2. Sulphur Wine Faults

This category of wine faults produces some of the most off putting aromas found in wine, but luckily, they are the easiest to prevent. These include, sulphur dioxide (matchsticks), hydrogen sulphide (rotten egg), and mercaptan (onion). Hydrogen sulphide is typically the first of these faults to form in the wine during the primary fermentation. If it is not identified and remedied at this point it can react with alcohol in the wine forming mercaptan which smells like onion, garlic, or skunk (Phewww!).

Aerating the wine by splashing in the carboy or fermenter is the best way of removing hydrogen sulphide from the wine which will therefore prevent mercaptan from forming. Fermenting your wine at a constant temperature (20-25°C (68-77°F)) will also help prevent these sulphur wine faults from forming.

3. Microbial Wine Faults

Microbial wine faults are caused by microorganisms (yeast & bacteria) that have come in contact with the wine throughout the winemaking process. These faults include geranium, brettanomyces (barnyard), and cork taint (wet basement).  

Geranium taint is the result of lactic acid bacteria in the wine metabolizing potassium sorbate added to the wine. Potassium sorbate should not be added to wines that have undergone MLF or have been barrel aged.

The guide below can help you identify an off aroma in your wine in case you are not sure what exactly it is or where it came from. Just remember, proper sanitation and fermentation environment can prevent many of these wine faults from occurring in the first place.

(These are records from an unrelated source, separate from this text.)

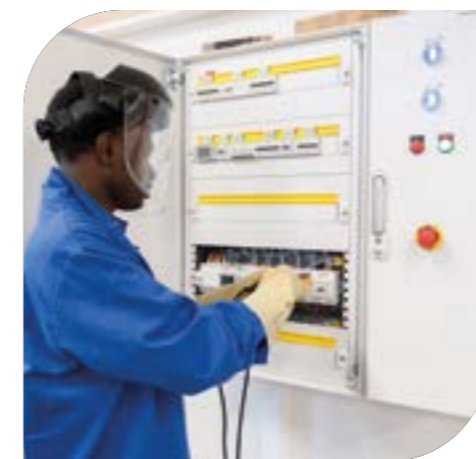
Jeune en filière industrielle (partenariat avec Eiffage Énergie et Systèmes) au lycée Gabriel-Péri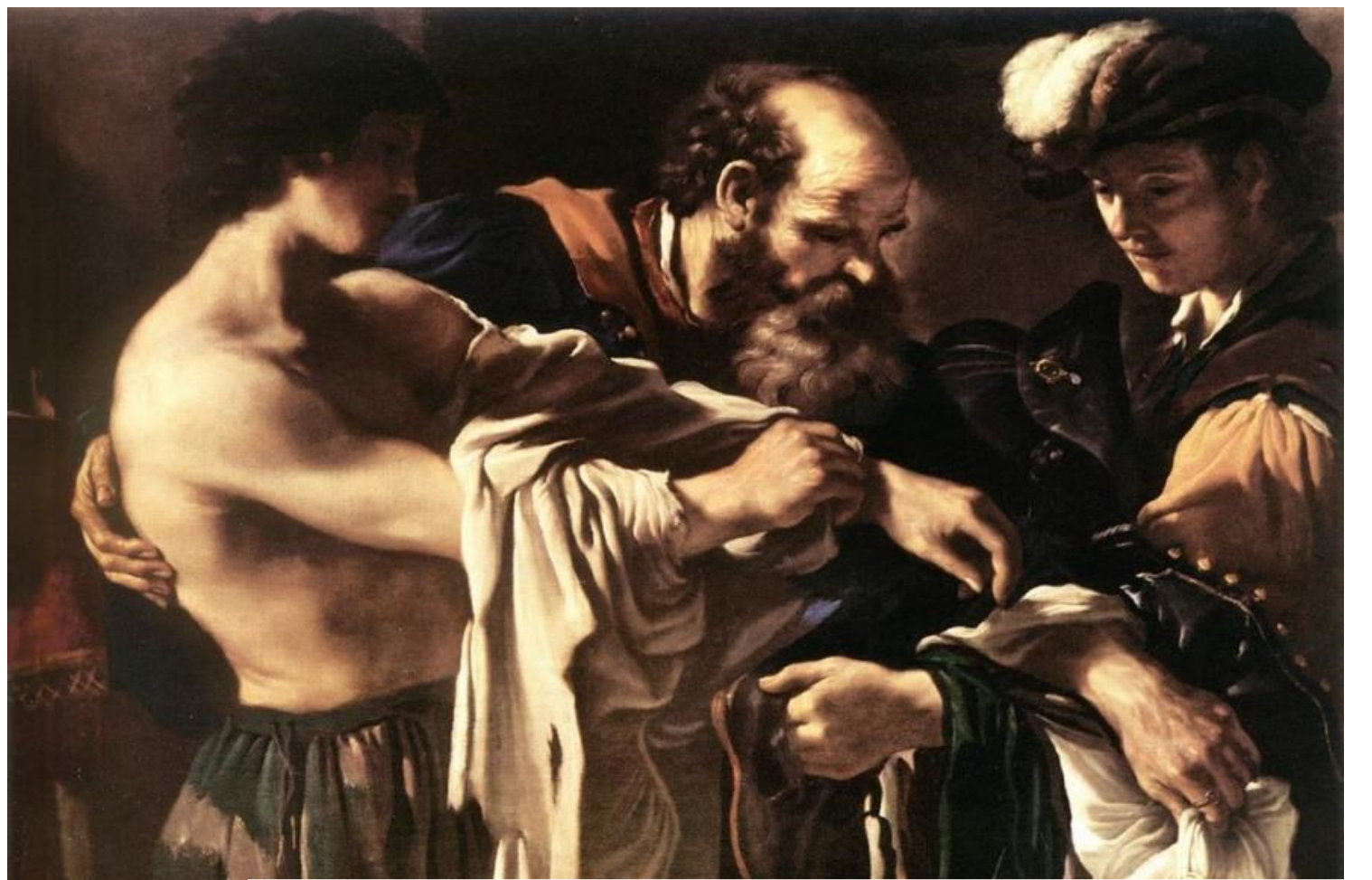
<돌아온 탕자> 구에르치노, 1619, 캔버스에 유채, 106.5x143.5cm, 미술사 박물관, 비엔나, 오스트리아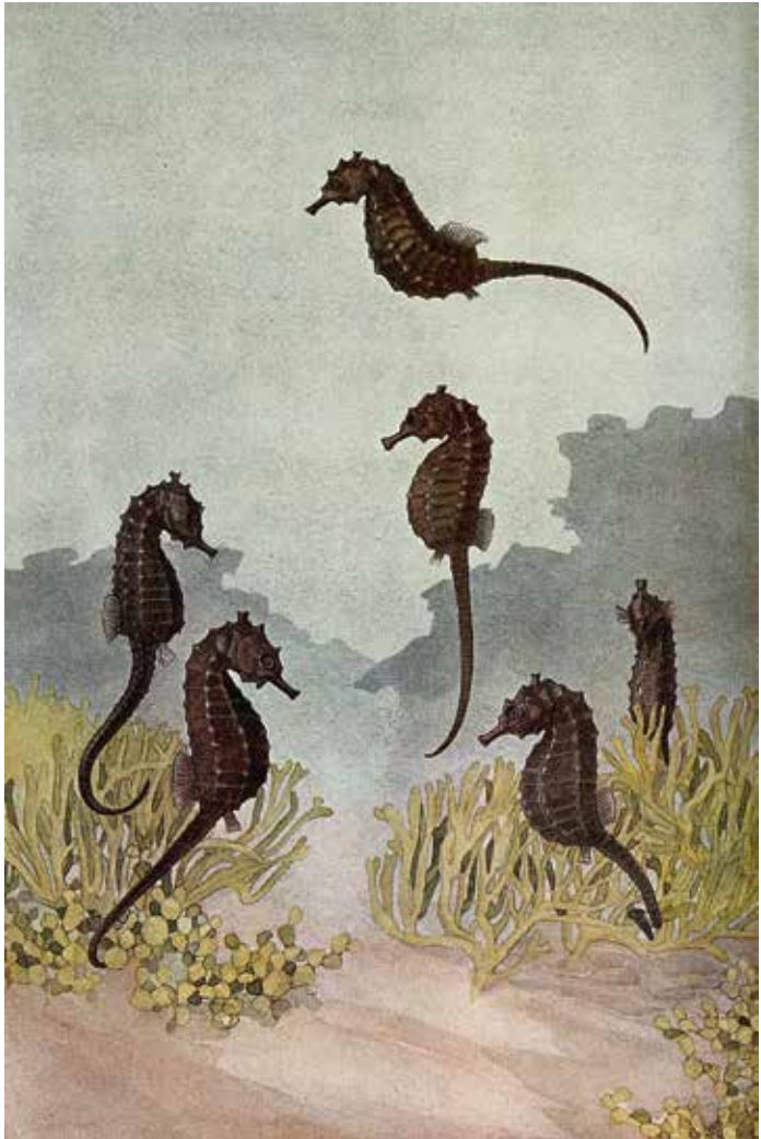
Der japanische Maler und Illustrator Hashime Murayama stellte in seinen Arbeiten gern auch die Umgebung der Lebewesen dar, die er malte, wie hier in Sechs Seepferde im Meer aus 1920.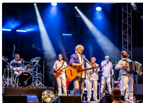
L'artiste au milieu des musiciens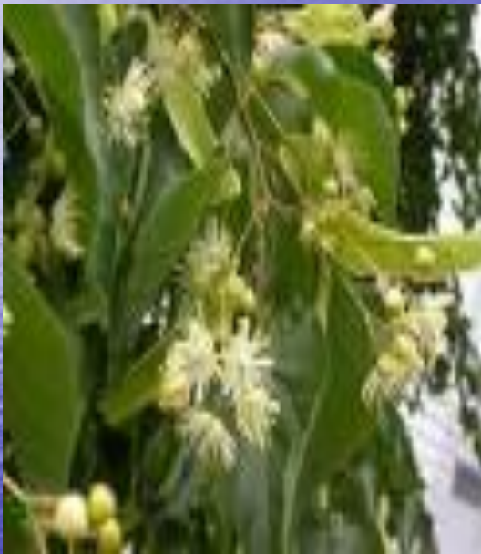
липа сердцевидная ( Tilia cordata )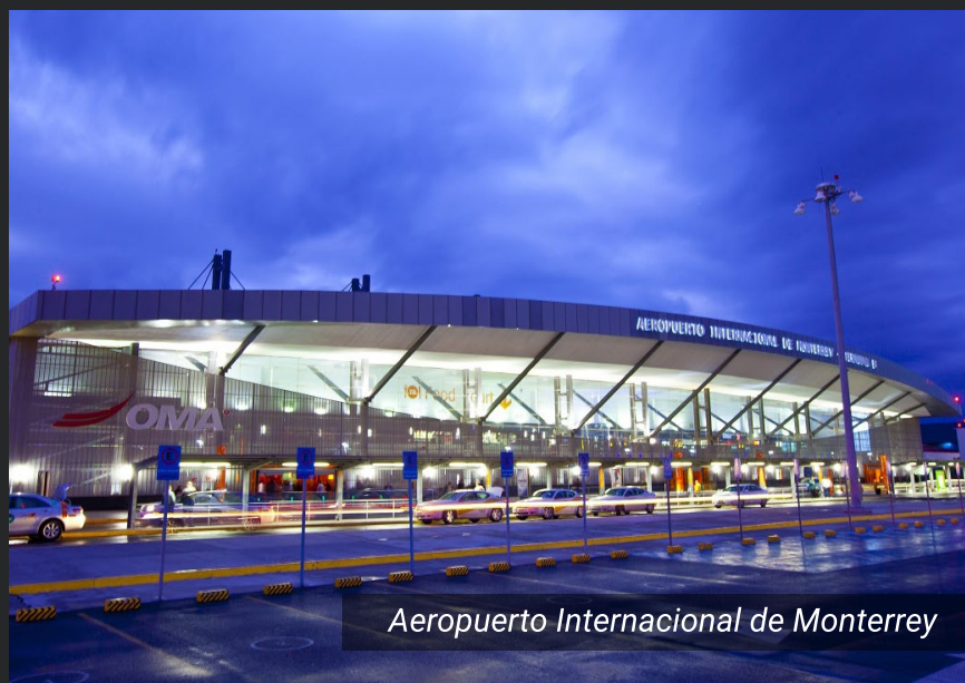
Aeropuerto Internacional de Monterrey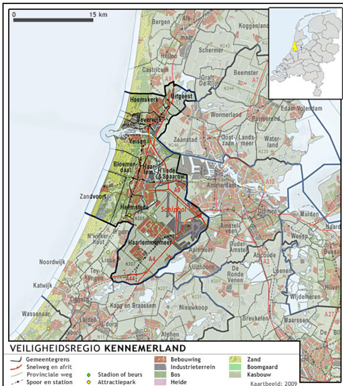
Figuur 2: De Veiligheidsregio Kennemerland

De Veiligheidsregio Kennemerland (VRK) is een van de 25 veiligheidsregio's in Nederland. De VRK voert diverse veiligheidstaken uit namens tien gemeentebesturen in het zuidwesten van de provincie Noord-Holland: Beverwijk, Bloemendaal, Haarlem, Haarlemmerliede & Spaarnwoude, Haarlemmermeer, Heemskerk, Heemstede, Uitgeest, Velsen en Zandvoort. Kennemerland grenst aan de veiligheidsregio's Noord-Holland Noord, Zaanstreek-Waterland, Amsterdam-Amstelland en Hollands Midden.

4 thoughts on “How to Identify and Prevent Wine Faults in Your Craft Wine”

  1. “Potassium sorbate should not be added to wines that have undergone MLF or have been barrel aged. ”
    This statement goes against everything I’ve been told in the past. After barrel aging is complete and the wine has been removed from the barrel, shouldn’t the wine then be dosed with suffiicient levels of potassium sorbate and potassium sulphite??

    1. Hi Michelle,
      When lactic acid bacteria comes in contact with potassium sorbate it is capable of metabolizing it resulting in geranium taint. Barrels can harbor lactic acid bacteria in the grains of the staves, especially if high pressure hot water is not being using to clean the barrels between fillings. When the wine is removed from barrel it can sometimes take some of this LAB with it which is why sorbate should be withheld if barrel ageing. Sulphite additions post barrel ageing are adequate to prevent any LAB activity and protect wine from oxidation or microbial spoilage.

  2. I just threw out TWO full batches of Chamblais made at the Guelph Craft Wine. Disgusting metallic flavor and aroma. We have another batch of Pinot Grigio with a somewhat similar problem, though not quite as strong. I suspect a cork problem.

    It TRULY makes one wonder if one should indulge in making wine again. A VERY expensive way to obtain reasonably priced wine.

    1. Hi John,
      We are very sorry to hear that you are unhappy with your GC Chamblaise kits. We have spoken to Craft Wines about this issue and she is more than happy to replace your wine with something else.